Your objective => From the first line down to the line containing "Пасхальные яйца с бантиками на белом фоне", print the records below exactly, leaving every picture out.
######
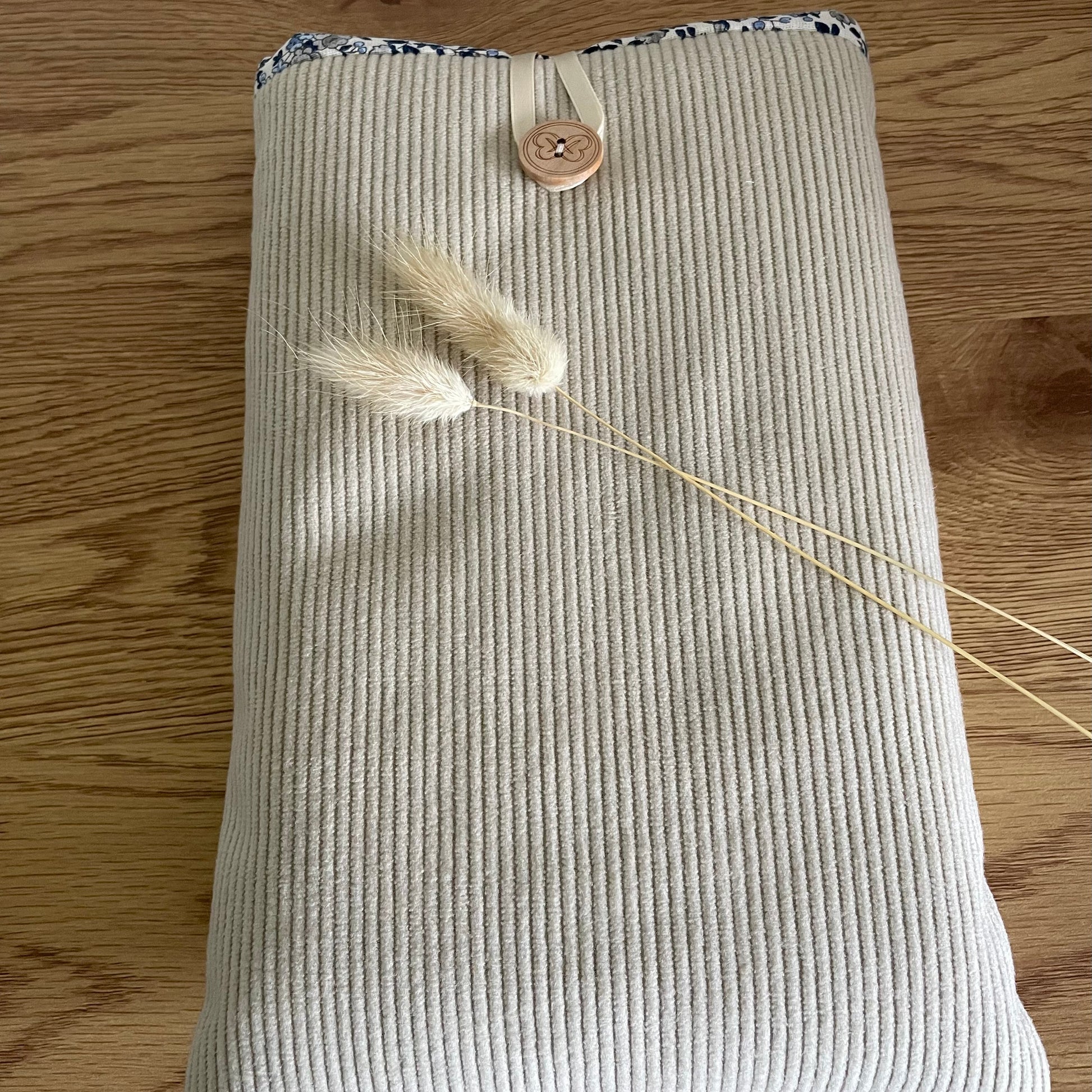 🩵 Pochette à livre molletonnée en velours crème et Liberty bleu
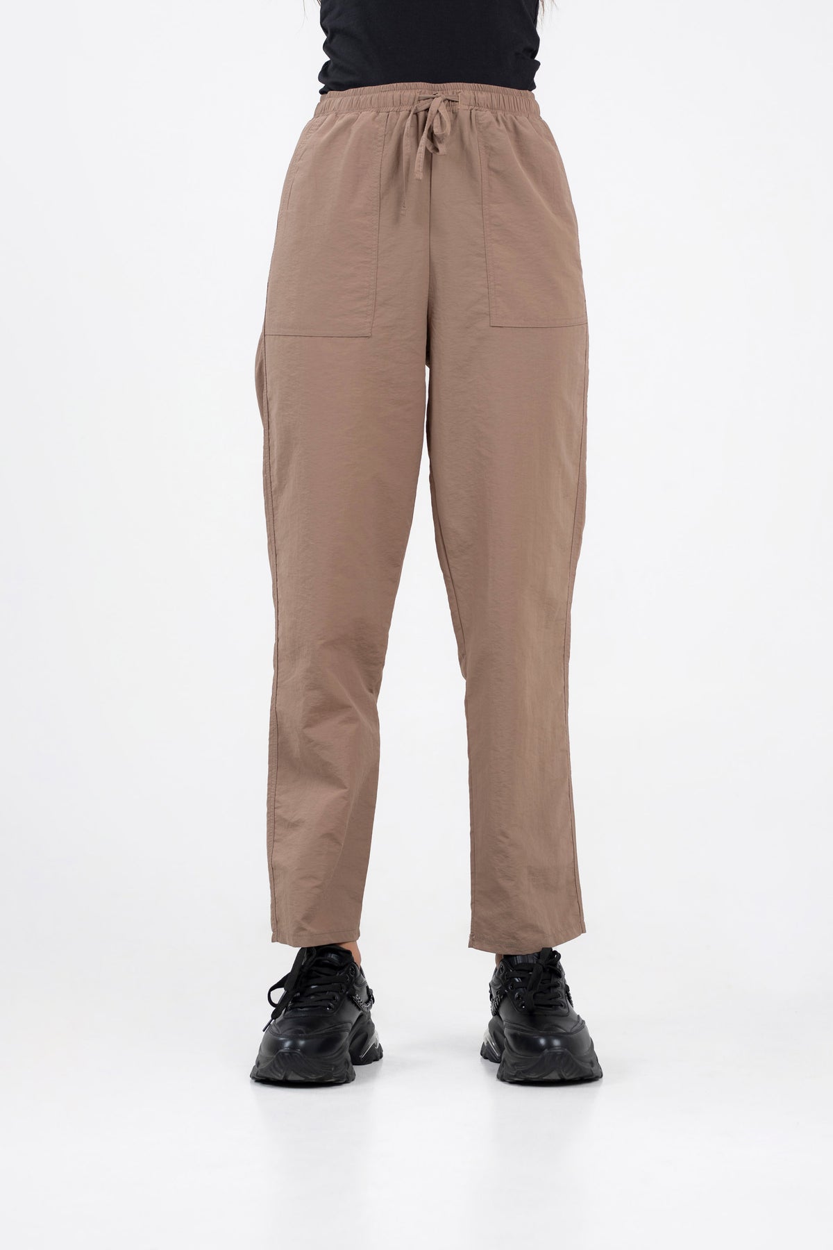 Straight leg trousers in cotton blend fabrication, featuring elasticated waist belt with drawcord and front patch pockets
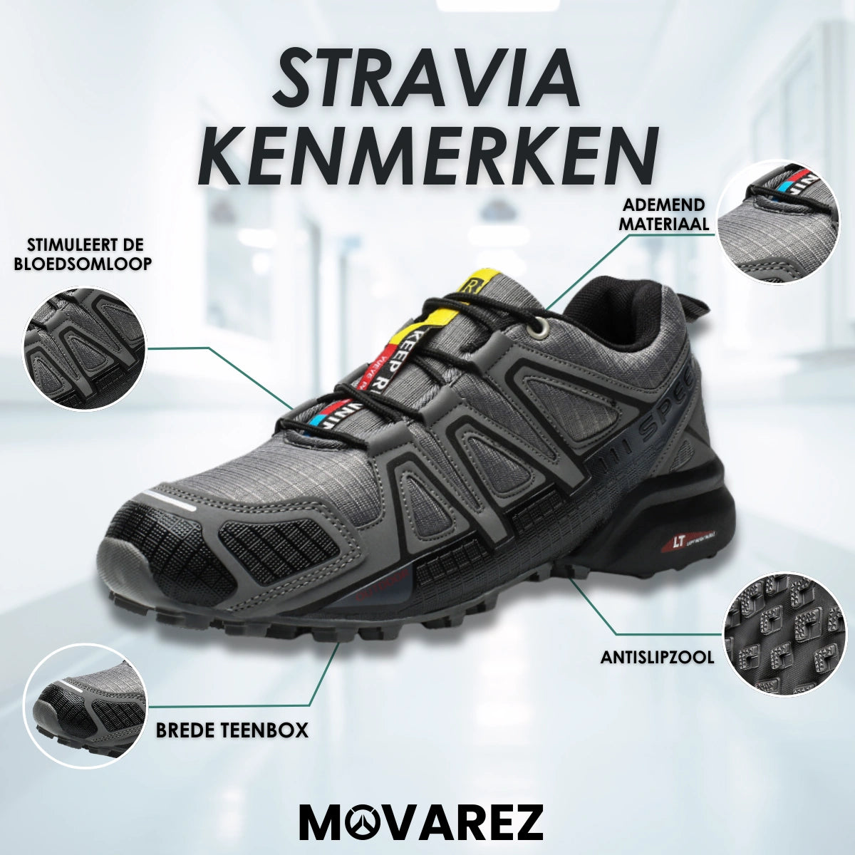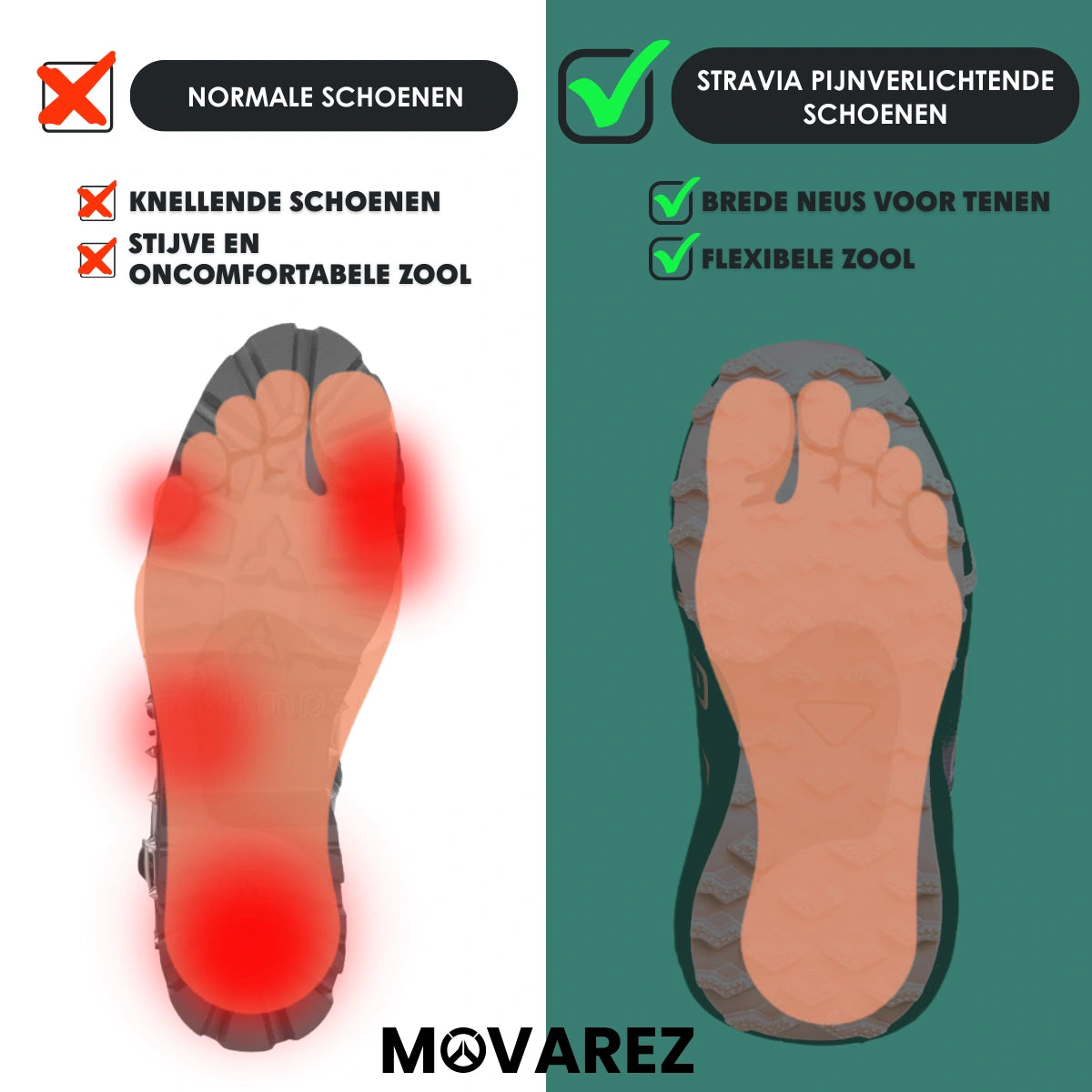 Stijve zolen en slecht ontworpen schoenen dwingen je voeten in onnatuurlijke posities. Dit leidt niet alleen tot pijn aan voeten, knieën en rug, maar ondermijnt ook je houding, energie en zelfvertrouwen. Daarom is er nu Stravia de hybride wandelschoen die voelt als vrijheid, maar ondersteunt als een professional.
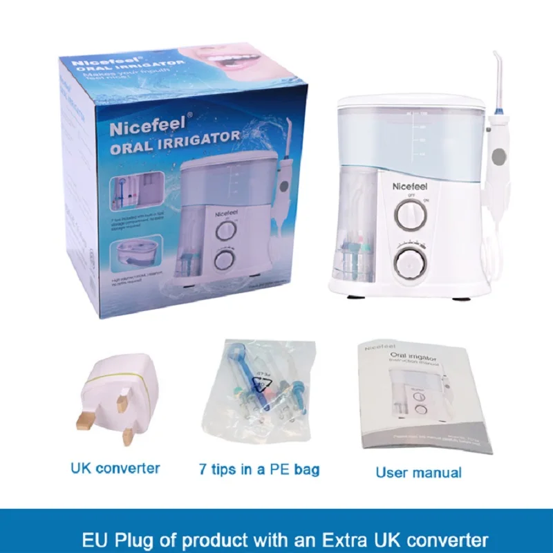 Ирригатор для полости рта Nicefeel, устройство для очистки зубов с резервуаром для воды 1000 мл, 7 насадок с регулируемым давлением воды
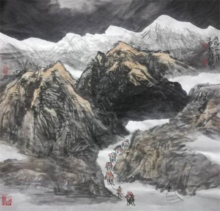 | 袁大川《驼铃》  阅览量:3100 作者:袁大川 袁大川,1968年9月生于酒泉,祖籍山东,现居北京。汉语言文学毕业。师从龙瑞、王文芳、谢永增。 现为北京画院谢永增工作室山水画家 中国铁道游击队艺术研究会副会长 山东省美术家协会会员 中国南方书画院理事 枣庄市美术家协会理事 新疆亚中天缘美艺文化传媒有限公司总监 详细说明
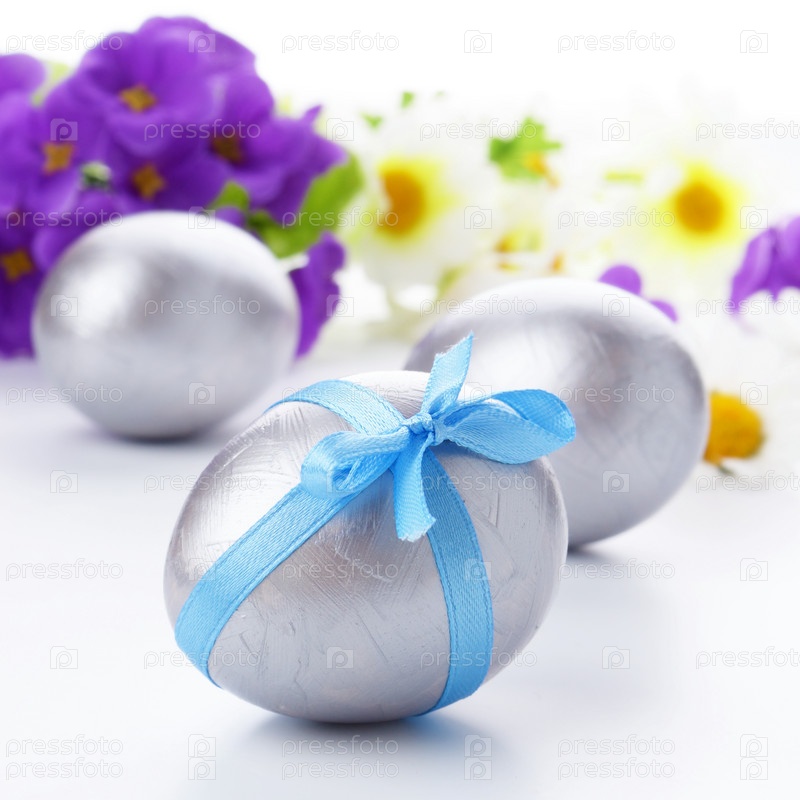 Пасхальные яйца с бантиками на белом фоне
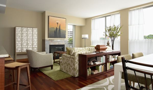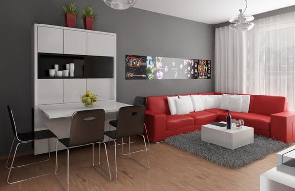 Apartamentos pequenos normalmente possuem todos os ambientes integrados, principalmente cozinha e sala, por isso o melhor que se tem a fazer é investir pesado em projetos que garantam praticidade, beleza estética e harmonia de todo o espaço. E se o espaço é muito reduzido você pode valorizar esta integração do ambiente, apostando em móveis, paredes e piso com as mesmas cores e estilo e “delimitando” superficialmente cada ambiente com algum detalhe diferenciador, como cadeiras coloridas para o balcão da cozinha americana, um tapetinho sob a mesinha de centro da sala ou simplesmente colocando um pufe ou aparador estreito entre um ambiente e outro, mas de forma discreta, sem deixar esta divisão tão impactante.
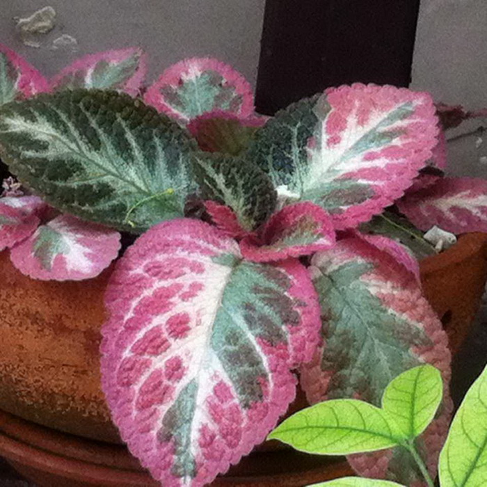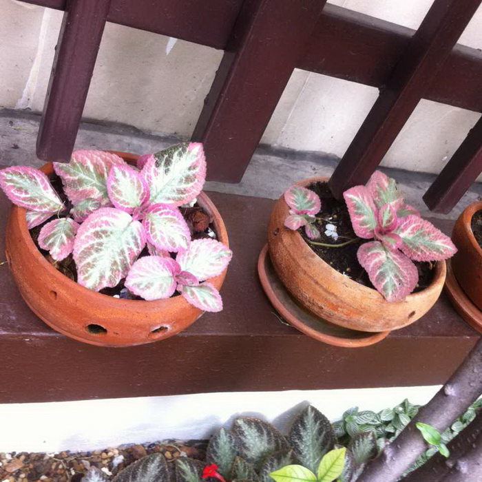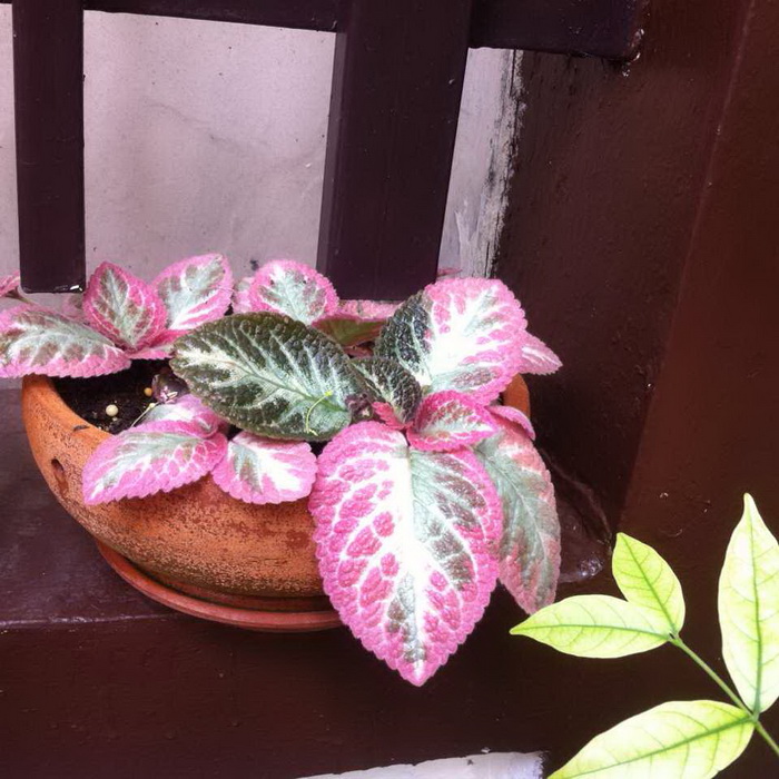 ใบของต้นนี้เป็นสีชมพูสลับสีเขียว ดอกสีแดงสด แต่ของแอนไม่ค่อยออกดอก แต่ออกต้นเล็กมาเรื่อยๆ
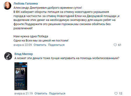 Ранее губернатор Александр Беглов призвал петербуржцев перевести средства на счет в фонде «Победа» на поддержку мобилизованных граждан. Это заявление градоначальника вызвало диссонанс у жителей Северной столицы, которые призвали Смольный использовать средства, выделенные на празднование Нового года, на закупку экипировки для мобилизованных горожан.
######
Answer to the problem =>
 🩵 Pochette à livre molletonnée en velours crème et Liberty bleu
 Straight leg trousers in cotton blend fabrication, featuring elasticated waist belt with drawcord and front patch pockets
 Stijve zolen en slecht ontworpen schoenen dwingen je voeten in onnatuurlijke posities. Dit leidt niet alleen tot pijn aan voeten, knieën en rug, maar ondermijnt ook je houding, energie en zelfvertrouwen. Daarom is er nu Stravia de hybride wandelschoen die voelt als vrijheid, maar ondersteunt als een professional.
 Ирригатор для полости рта Nicefeel, устройство для очистки зубов с резервуаром для воды 1000 мл, 7 насадок с регулируемым давлением воды
 | 袁大川《驼铃》  阅览量:3100 作者:袁大川 袁大川,1968年9月生于酒泉,祖籍山东,现居北京。汉语言文学毕业。师从龙瑞、王文芳、谢永增。 现为北京画院谢永增工作室山水画家 中国铁道游击队艺术研究会副会长 山东省美术家协会会员 中国南方书画院理事 枣庄市美术家协会理事 新疆亚中天缘美艺文化传媒有限公司总监 详细说明
 Пасхальные яйца с бантиками на белом фоне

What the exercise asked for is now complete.